• **Instructions to follow**
Unless a line falls after the one with "中国建设银行股份有限公司一华", retype it exactly from the records below; leave out all pictures.
BEGIN Extracted entries
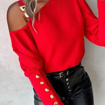 New York’s Fashion Fashion Lantern Sleeve Button Splicing Shirt Women Elegant Office Commuter O Neck Blouse Female Autumn Spring Daily Casual Tops
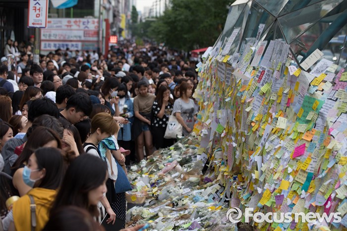 (서울=포커스뉴스) 서울 서초구 강남역 근처 노래방 화장실에서 일면식도 없었던 피의자 김씨(34)씨에게 흉기에 찔려 살해된 직장인 A씨(23·여)씨를 추모하기 위해시민들이 자발적으로 붙였던 쪽지들이 모두 철거됐다.
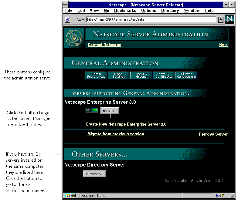"Other Servers" appears only if your computer contains both 2.x and 3.x versions of the administration servers. This might occur, for example, if you install Netscape Directory Server 1.02, which uses the 2.x administration server, and Netscape Enterprise Server 3.0, which uses the 3.x administration server.
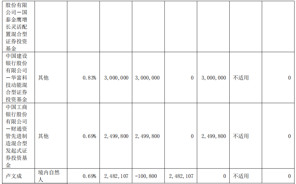 中国建设银行股份有限公司一华富科技动能混合型证券投资基金持股比例0.83%,报告期末持股数量3,000,000股;
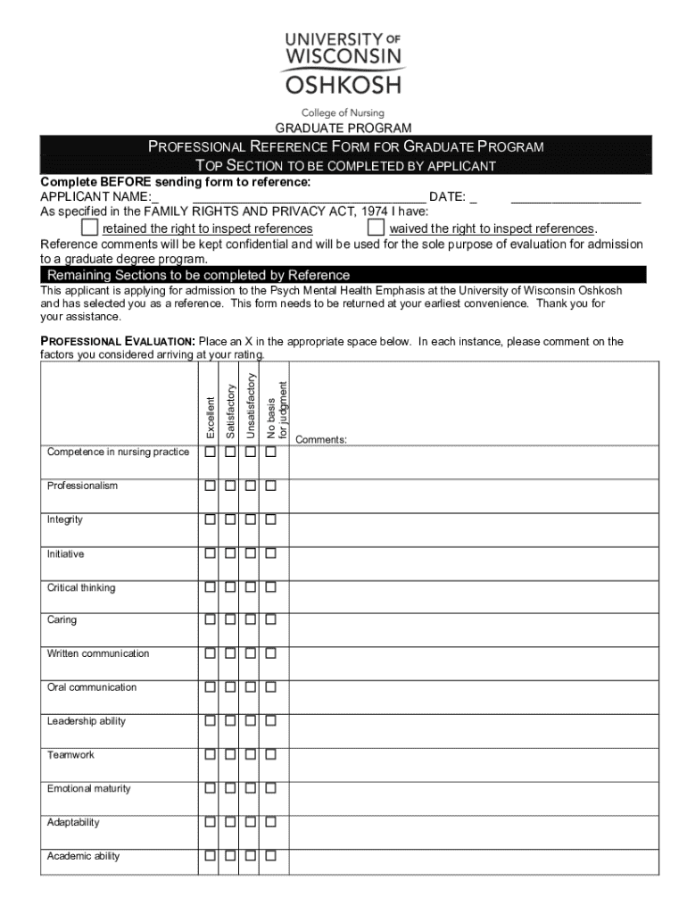 Graduate Program Professional Reference is not the form you're looking for?Search for another form here.
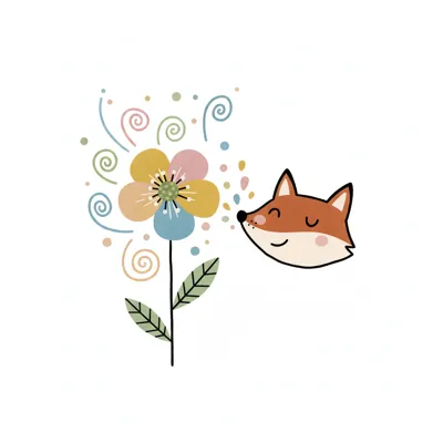 Niedlicher Fuchs schnüffelt an bunter Blume, umgeben von farbigen Punkten und Wirbeln.
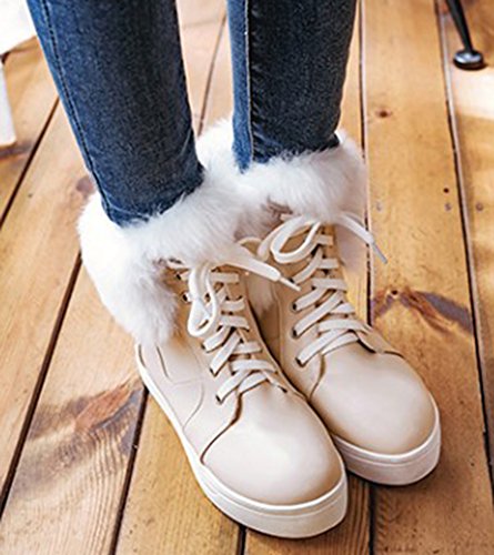 Binding : Apparel Product Description Winter is coming! Do you want a pair of boots both of fashion and warm? This pair of snow boots is a perfect choice. This lovely shoes features lace up closure and round toe. With their furry faux fur in the upper, you will look more elegant and cute. The faux fur lined will warm you all winter. The sole is made of good rubber. You will feel comfy in their soft bottom. The heels measure 2.4 inches. So you will not feel tired even walking all day long. They are of high quality and durable. Just pick them to show your beauty. 0
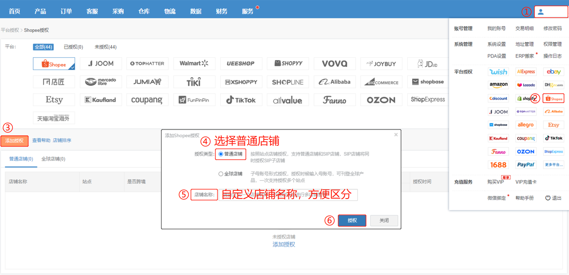 第一步:【登录店小秘主账号—用户名—平台授权—点击“Shopee”—点击添加授权—选择“普通店铺”—自定义店铺名称—授权】
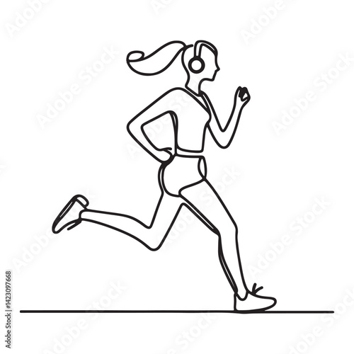 running, woman, fitness, health, exercise, earphones, music, sport, jogging, active, lifestyle, motivation, training, physical exercise, run, silhouette, illustration, vector, wellness, cardio, healthy, movement, energy, strength, endurance, rythm, power, determination, goal, speed, motion, progress, sharpened, discipline, effort, challenge, dedication, sprint, marathon, race
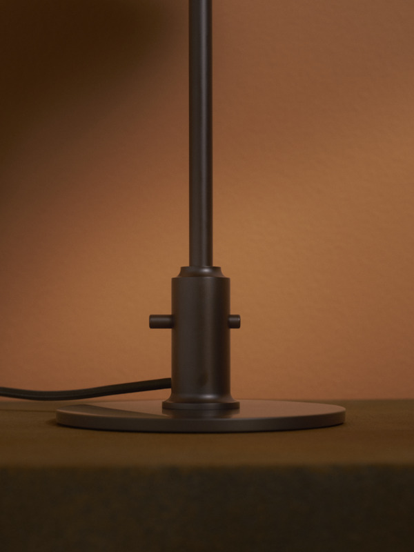 Stellet er udført i patineret messing, der understreger lampens klassiske og eksklusive udtryk. Lampen leveres med brun stofledning, som understøtter det historiske designudtryk, samt integreret afbryder direkte på lampen for nem og funktionel betjening.
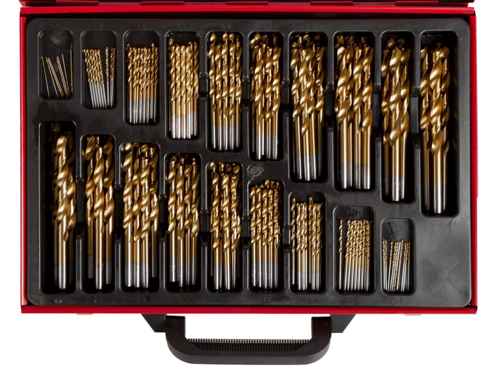 - Sada 170 vrtáků s titanovou povrchovou úpravou (dle normy DIN 338) a válcovou stopkou.
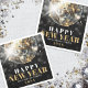 Celebrate in style with this chic New Year’s Eve cocktail napkin featuring a bold black background and festive disco ball details. "Happy New Year" is displayed in a mix of white and gold serif fonts for an elegant and celebratory touch. Below the greeting, there’s space to add the family or host's name along with the year.
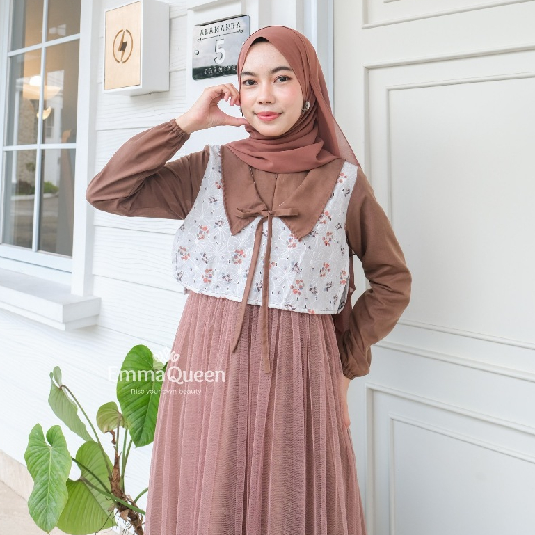 Emmaqueen Raysha Dress Gamis Kondangan Motif Tile Syar'i
END Extracted entries
• **Completed task**
 New York’s Fashion Fashion Lantern Sleeve Button Splicing Shirt Women Elegant Office Commuter O Neck Blouse Female Autumn Spring Daily Casual Tops
 (서울=포커스뉴스) 서울 서초구 강남역 근처 노래방 화장실에서 일면식도 없었던 피의자 김씨(34)씨에게 흉기에 찔려 살해된 직장인 A씨(23·여)씨를 추모하기 위해시민들이 자발적으로 붙였던 쪽지들이 모두 철거됐다.
"Other Servers" appears only if your computer contains both 2.x and 3.x versions of the administration servers. This might occur, for example, if you install Netscape Directory Server 1.02, which uses the 2.x administration server, and Netscape Enterprise Server 3.0, which uses the 3.x administration server.
 中国建设银行股份有限公司一华富科技动能混合型证券投资基金持股比例0.83%,报告期末持股数量3,000,000股;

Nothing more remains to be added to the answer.